Thought about zero-copy IPC recently. In order to avoid memcopy for the complete chain, I guess it would be best if the sender allocates its payload directly on the shared memory when it’s created. Is this a standard thing in such optimized IPC and which libraries offer this?

a_t48 · 14 days ago

I've looked into this a bit - the big blocker isn't on the transport/IPC library, but the serializer itself, assuming you _also_ want to support serializing messages to disk or over network. It's a bit of a pickle - at least in C++, tying an allocator to a structure and its children is an ugly mess. And what happens if you do something like resize a string? Does it mean a whole new allocation? I've (partially) solved it before for single process IPC by having a concept of a sharable structure and its serialization type, you could do the same for shared memory. One could also use a serializer that offers promises around allocations, FlatBuffer might fit the bill. There's also https://github.com/Verdant-Robotics/cbuf but I'm not sure how well maintained it is right now, publicly.

As for allocation - it looks like Zenoh might offer the allocation pattern necessary. https://zenoh-cpp.readthedocs.io/en/1.0.0.5/shm.html TBH most of the big wins come from not copying big blocks of memory around from sensor data and the like. A thin header and reference to a block of shared memory containing an image or point cloud coming in over UDS is likely more than performant enough for most use cases.

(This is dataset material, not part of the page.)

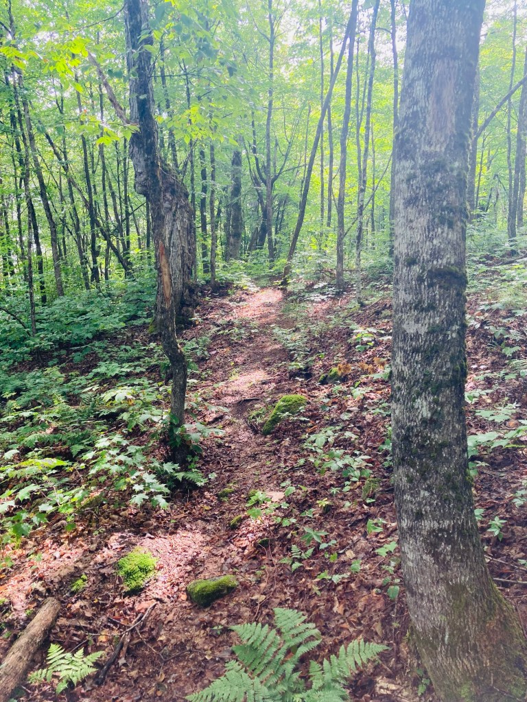 Through the treetops, I could see the blue of sky and lakes, and more full panoramas are likely available in the winter months. The obscured view through the leaves and branches must be similar to what the mushrooms would see as they emerge from the ground – the sense of depth and distance and light. I never saw the moose, but there was deer scat on the summit loop and the constant chatter of birds. This was a short (30 minutes or so) but rewarding climb in a remote spot. A large turkey briefly blocked our way as we returned on Wabassus Mountain Road.

Again, big wins from not having to serialize/deserialize the sensor data.

Another pattern which I haven't really seen anywhere is handling multiple transports - at one point I had the concept of setting up one transport as an allocator (to put into shared memory or the like) - serialize once to shared memory, hand that serialized buffer to your network transport(s) or your disk writer. It's not quite zero copy but in practice most zero copy is actually at least one copy on each end.

(Sorry, this post is a little scatterbrained, hopefully some of my points come across)